Experimental program
Comparison scheme
Effect test

Embodiment 1

[0067] Example 1: 6-Methoxybenzothiophene (3)

[0068]Bromoacetaldehyde diethyl acetal (16.50ml, 0.11mol) was added dropwise to m-methoxythiophenol (1) (15ml, 0.12mol) and K in acetone (150ml) at room temperature 2 CO 3 (16.60g, 0.12mol) in a mixture. The reaction mixture was stirred for 16 hours, then filtered. The solid was washed with acetone, and the combined filtrates were concentrated in vacuo. The residue was washed with water, washed with Et 2 O extraction. The organic phase was washed with 0.5M KOH, water and brine, washed with Na 2 SO 4 Drying, filtration and concentration in vacuo yielded 27.40 g of compound (2) as a dark yellow oil.

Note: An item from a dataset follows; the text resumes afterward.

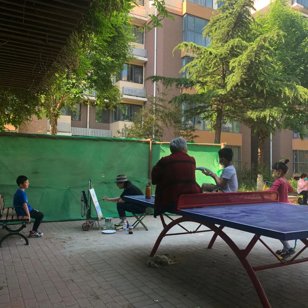 在小区看到了正在写生的邻居浩翔,要不是有个大妈坐在乒乓球台上,很像疫情前的上海。说真的,这种环境中看到这样的画面,很美妙,很高级。

[0069] 1 H-NMR (CDCl 3 ): 1.18(t, 6H), 3.13(d, 2H), 3.43-3.73(m, 4H), 3.77(s, 3H), 4.67(t, 1H), 6.60-7.27(m, 4H).

[0070] Under nitrogen atmosphere and room temperature, (2) (13.00 g, 0.051 mol) was dissolved in CH 2 Cl 2 (100ml) was added dropwise to BF 3 .Et 2 O (6.70ml, 0.054mol) in CH 2 Cl 2 (1000ml) in solution. ...

Embodiment 2

[0072] Example 2: 2-bromo-6-methoxybenzothiophene (4)

[0073] N-Bromosuccinimide (14.70 g, 82.59 mmol) and p-toluenesulfonic acid (2.70 g, 15.68 mmol) were added to benzothiophene (3) (15.10 g, 92.07 mmol) in 1,2-dichloroethane (300ml) in solution. The mixture was kept at 70°C for 35 minutes, cooled in an ice bath, and the succinimide was removed by filtration. The solution was extracted with saturated sodium bicarbonate solution, and Na 2 SO 4 Dry, filter and concentrate in vacuo to give 22.00 g of an oil. Crystallization from pentane gave a white solid (16.50 g, 74%), melting point 62°C.

[0074] 1 H-NMR (CDCl 3 ): 3.85(s, 3H), 6.9(dd, 1H), 7.50(m, 2H), 7.65(d, 1H)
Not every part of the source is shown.